Alors on se rencontre, on boit et on espère que les contraintes se réduisent bientôt, que les pressions deviennent moins fortes. Qui boit (en croyant boire de l’alcool) se sent souvent plus beau et attractif. La conscience de soi change complètement. On devient plus autocentré et moins attentif-ives aux autres, à leurs limites ou leurs envies. On ne change pas uniquement notre perception de soi mais aussi celles des autres. D’autres personnes, qui ont des limites pourtant claires, doivent se défendre plus fortement pour qu’elles soient respectés. Ou alors illes laissent tomber de peur de paraître trop « coincéEs », puisque dans ce mode festif nous devons tous et toutes être si décontractéE. On serait sidéré de constater à quel point des personnes politisées peuvent se révéler avoir des comportements sexistes lorsque l’on compare les remarques, attitudes et comportements de situations alcoolisées aux situations "à jeun".

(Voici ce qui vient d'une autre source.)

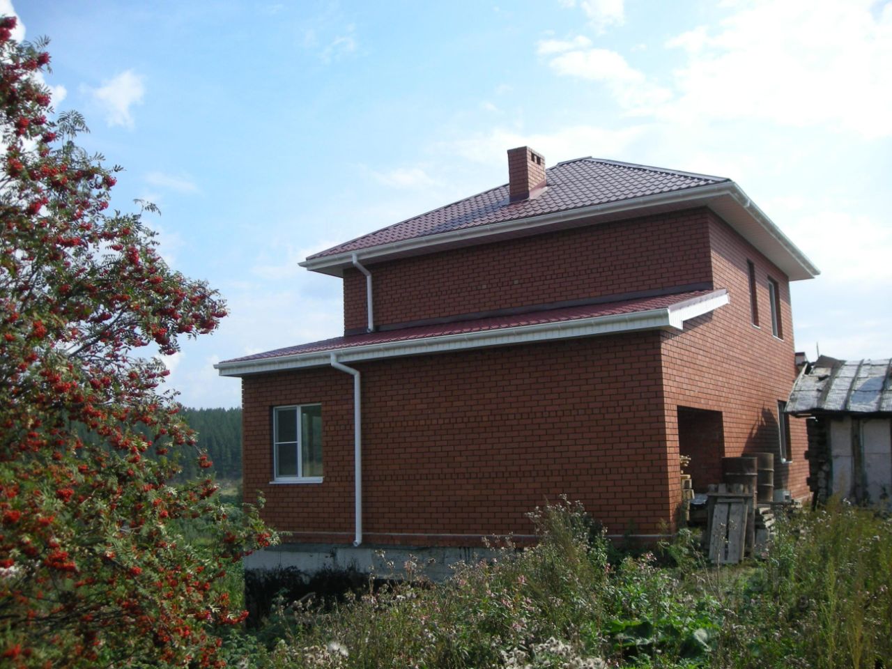 Кровля - металлочерепица. Потолок второго этажа утеплен минеральной ватой 20 см .
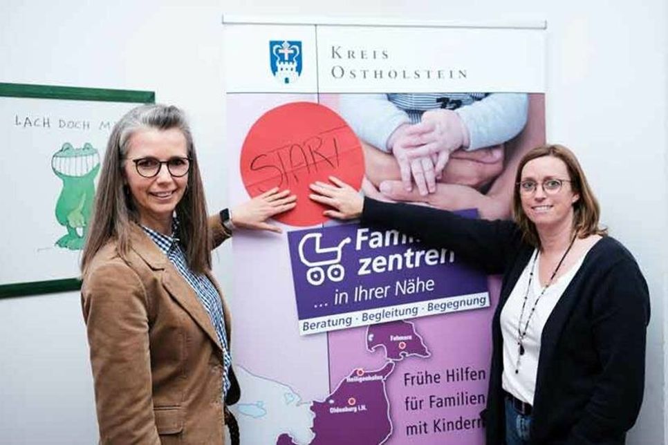 Auf den symbolischen Startknopf für die neue Webseite drückten in Oldenburg Martina Wackernagel vom Fachdienst soziale Dienste des Kreises Ostholstein und Nadine Müller von der Lebenshilfe Ostholstein. „Es war ein langer Prozess“, sagt Wackernagel zur neuen Homepage. Sie sei nicht nur von einer Person gebaut worden, sondern ein ganzes Team und betreute Familien seien mit Kritik und Anregungen daran beteiligt gewesen. „Nicht wir sollen die Seite super finden, sondern die Menschen, die unser Angebot brauchen“, stellt Wackernagel heraus. Nun sind die Internetauftritte der Familienzentren von Fehmarn, Heiligenhafen und Oldenburg über Neustadt und Eutin bis nach Ahrensbök und Bad Schwartau auf dieser Webseite zusammengefasst.

C’est ainsi que l’on arrive à accepter et banaliser beaucoup d’abus. Dans ces ambiances festives et alcoolisées les limites se relâchent, beaucoup acceptent des choses qu’illes n’auraient jamais voulues dans d’autres situations, les implications de nos actes sont évaluées différemment.

Dans ces moments, nous rejetons nos propres limites ainsi que celles des autres, aussi sensée qu’elles puissent être. Peut-être s’agit-il de notre culture de l’alcool que nous devrions une fois pour toutes rejeter – parce que, elle, est insensée.